The opposition to this decision has been led by residents of the immediate area around the site of the new school – located next to a local authority sports centre, opposite our local SureStart centre, on local council land. The campaign against the school focussed on issues of procedure around planning decisions, and took a while to catch the attention of local news or politicians. But it has now become a staple item in the Adver, and the local Labour party also caught on too. Despite letters and petitions opposing the new school, it received the go ahead before Xmas, and work has started on the site.

As a news story, however, the new school continues to generate news – it’s due to open in September 2012, so is likely to remain a news item until then, at least. On March 24th, the only news item in the Adver of any significance which was not related to Swindon Town’s day-out at Wembley the next day (oops…) was about the continuing opposition to the new school by local residents. One of the leading figures in the campaign is now challenging the leader of the Tory council in the upcoming elections.

The thing is… the central issue in the debate about the school, beyond the procedural issues involved in the decision, have revolved around the concerns of residents that the new school will create traffic gridlock and reduce green space. This is, then, a very local campaign, focussed on the concerns of people living in the immediate vicinity of the new school. These are not to be dismissed lightly – what has kept the campaign has going, and made it more than a merely local story, is the fact that it is another example of a pattern of cavalier decisions by the Tory council that appear to circumvent democratic norms, such as they are at local government level. But the fact that the new school is an Academy school, and as such is part of the wider Gove-revolution, this has not been much commented upon. This isn’t the issue, in this case of local politics.

The company setting up the new school, which also runs other schools in town already, is also the same company that runs the private nursery which we send our other child to – very good, very nice people (when we only had the one child, pre-school, she went to the Council-run nursery down the hill, also very good, very nice). Our decisions about school and nursery ‘choice’ have been based primarily, I think, on issues of convenience, constrained of course by a fairly limited set of options to actually choose from – nothing unusual there (although, surprise surprise, higher income level groups benefit more from proximity effects in school choice than others).  It turns out, of course, that the sorts of information that parents are meant to use to inform their choices on such matters might well be close to ‘meaningless‘ – according to academic research at least.  

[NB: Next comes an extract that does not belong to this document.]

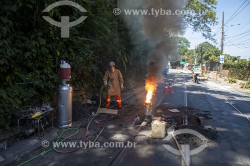 Maintaining the Santa Teresa Tram tracks - Rio de Janeiro city - Rio de Janeiro state (RJ) - Brazil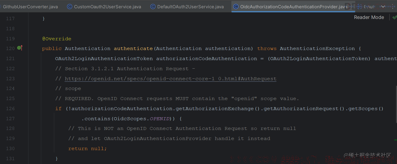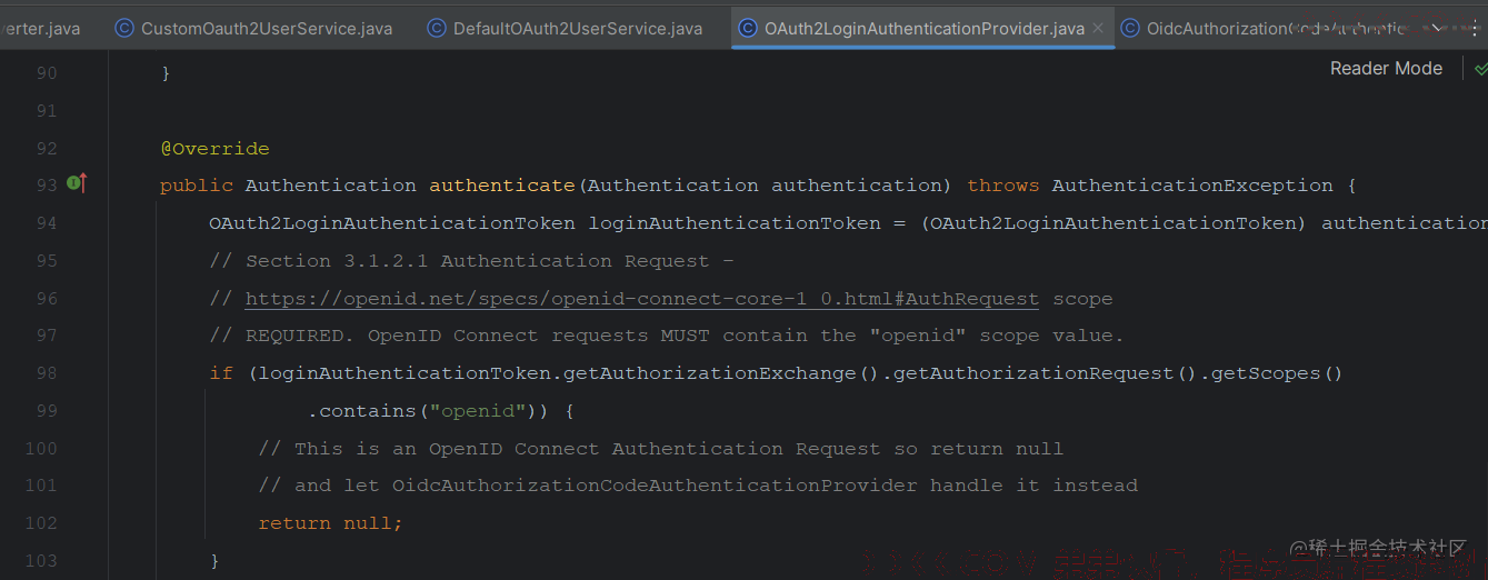 发现Oidc是需要有openid的scope才会被处理,而OAuth2开头的这个是在scope中未包含openid才会去处理。细看之后发现它们里边注入的OAuth2UserService的实例不一样,处理oidc登录的实例是OidcUserService,处理普通oauth登录的是DefaultOAuth2UserService,这是Security OAuth2 Client针对OAuth与OpenId connect两种登录方式的处理,在之前也有提到过,当scope中包含openid时本次就是openid connect登录,获取token后会响应idToken,里边包含了用户信息,所以这里会有两种处理。同理,如果我们要自定义这两个service的话也需要实现这两个service,提高兼容性。

The point of all this is to try to clarify something about how the constituencies of a public service like schooling are constituted. Our relationship to this issue is inevitably partial, mediated by our children; a while back, I knew very little about these things. The relationship of those opposed to the school is somewhat different, although it might overlap in some cases, but is primarily shaped by a very local ‘community of affected interest’, as they say. In neither case are the long-term, structural changes involved in transforming the governance and funding of primary schools, much less secondary schools, with all the attendant issues about inequality and social mobility, a felt concern of those people most immediately affected by these decisions to build new schools, or to convert the status of existing ones. Those changes are, literally, rather abstract, not only for those parents swept along by them like us, but also it seems for those involved in the real politics around school building in this area. In certain respects, education seems to me to constitute its public subjects very differently than do those public services associated with health care, for example – at once more partial, more selective, more inflexible, and more choosy than the subjects of health care, perhaps?